She’s the enemy now, he thought, feeling shaky but determined. He wondered, briefly if he should tell someone about the attack – wasn’t that what enemies did? – and then disregarded the thought. My life for her job, he thought, and that hadn’t been his reasoning at the time but it seemed fair from his new non-friendly vantage point.
With that sorted, Sirius turned his attention to the Dementors. He hadn’t slept well – all right, at all – overnight because of them, but they weren’t affecting him much while he was awake, other than to make him feel cold, or make him think something depressing on occasion. He’d been the same for his first day in Azkaban, and then everything had hit him like a rampaging Hippogriff on his second night in prison. He didn’t intend to let that happen this time; he needed to be as mentally sound as possible while he was dealing with the Aurors.
He wasn’t going to tell anyone about Peter just yet – that was something to hint at, and then bring out at his trial – but he couldn’t refuse to share other details or they’d decide he was a waste of time. It would be a very delicate process. He hoped Remus came to visit; he knew he wouldn’t get any news of Harry from anyone else.
Sirius took a deep breath. He closed his eyes, willing himself to fall deeper and deeper into his mind. Azkaban bloomed, like an ugly grey flower and Sirius was standing on grey stone, instead of lying on his lumpy bed. He pushed open the door of his cell and stepped out.
He rifled through a few happy memories until he found one happy enough. Expecto Patronum, he thought, focusing on Christmas with Harry and Remus. He thought of how it had felt to be back on a broom again, and the way Harry’s face had looked while he was flying and on the way Remus had shed the weight of the camp and smiled and laughed. Sirius remembered what it had felt like to have a family again and then Padfoot burst out of his wand and into the darkness.
Just like he had when he’d got rid of the Dementor’s Draught, Sirius opened his mind to the Patronus and gave it access to every happy memory he had. It glowed, casting warm, silvery light over Azkaban’s ruins and the stormy North Sea.

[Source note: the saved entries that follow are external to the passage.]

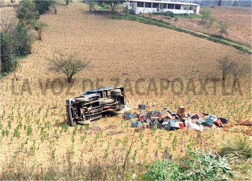 Tlatlauquitepec.- Un hombre de 38 años de edad, resultó lesionado debido a la volcadura de una camioneta marca Dodge que transportaba un cargamento de papas, percance que se registró en la comunidad de Acalocotitan en la junta auxiliar de Ocotlán.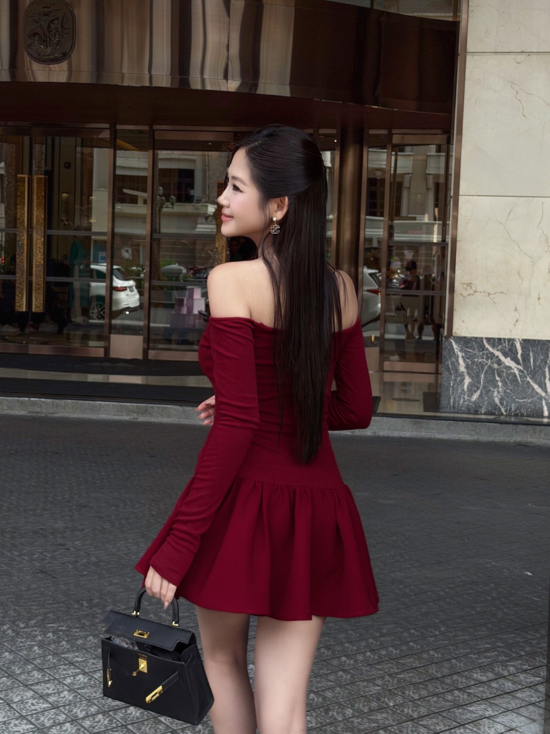 Mini dress trễ vai đỏ đô là thiết kế váy ngắn tay dài mang phong cách classic chic, nổi bật với form trễ vai mềm mại kết hợp chất liệu nhung cotton co giãn và vải gold tằm cao cấp. Mẫu váy hướng đến vẻ đẹp nữ tính, quyến rũ nhưng vẫn giữ nét sang trọng, tinh tế.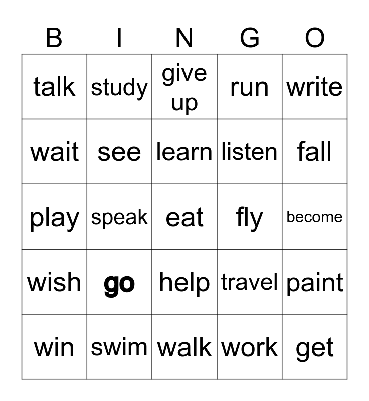 This bingo card has a free space and 24 words: go, swim, learn, win, write, talk, wait, study, fly, help, listen, play, travel, paint, see, work, become, give up, fall, speak, get, wish, run and walk.

Stay here, he whispered, and Padfoot wagged his tail and ran off. Sirius laughed; the Patronus was spreading its protection to the perimeters of the island – which was what Sirius wanted - but it had directly disobeyed his command. He supposed it was poor wording on his part.

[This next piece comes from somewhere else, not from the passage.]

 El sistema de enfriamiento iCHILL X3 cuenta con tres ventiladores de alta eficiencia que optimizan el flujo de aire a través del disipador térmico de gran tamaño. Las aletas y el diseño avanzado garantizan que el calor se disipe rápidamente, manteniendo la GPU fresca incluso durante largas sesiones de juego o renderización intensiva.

He watched, smiling, as Padfoot passed through a happy memory; Remus’ speech on Lily and James’ wedding day echoed in his mind-body’s ears, and Sirius saw Lily’s vibrant hair, the flash of James’ glasses, and heard his own bark-like laugh. Padfoot was white now, glowing like the star Sirius as named after and he loped off down the cliff path to the beach. Sirius grinned and opened his eyes.

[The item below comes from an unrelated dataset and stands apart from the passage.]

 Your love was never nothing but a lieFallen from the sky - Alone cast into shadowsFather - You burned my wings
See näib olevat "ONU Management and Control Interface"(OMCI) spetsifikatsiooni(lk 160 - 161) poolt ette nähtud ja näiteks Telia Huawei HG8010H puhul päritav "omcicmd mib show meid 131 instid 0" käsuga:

“Aargh!” Cornelius Fudge, the Minister for Magic, leaped back. Sirius yelped – Fudge had been leaning right over him – and pushed himself upright. It hurt, but he tried not to let it show.
“I don’t know what you’ve lost, Minister,” Sirius said, as Fudge hid behind Rufus Scrimgeour and Amelia Bones, “but I doubt it’s up my nose.” His attempt at humour fell pitifully short; Fudge was too thick to see the humour in it, Scrimgeour had a rather dry sense of humour and Amelia’s sense of humour was entirely Ravenclaw and so incomprehensible to everyone else.
“We have questions for you, Black,” Scrimgeour said in his brittle voice.
“Thought you might,” Sirius said. He heaved himself to his feet and the three of them flinched. He rolled his eyes and sat down in the chair at the table on the furthest side of the room and gestured to the seats opposite. “Have a seat.” The three of them exchanged uneasy looks, though Scrimgeour looked mildly amused – unless Sirius was imagining it – and sat. Fudge had already recovered from his earlier shock.
“So,” he said. “I bet you never expected to end up here, Black, did you? I bet you thought you were going to evade us forever.”
“You might remember I was an Auror, Minister,” Sirius said politely. “I know exactly where the Ministry’s captives are taken so I did in fact, expect I’d end up here.” Fudge’s face turned a brilliant shade of purple. Sirius didn’t know whether it was from anger or embarrassment. “And no. Fun as our little game of Snitch and Seeker’s been, I was getting rather tired of running. I’m an innocent man, and I think it’s time that was recognised.” None of them seemed to know what to say to that.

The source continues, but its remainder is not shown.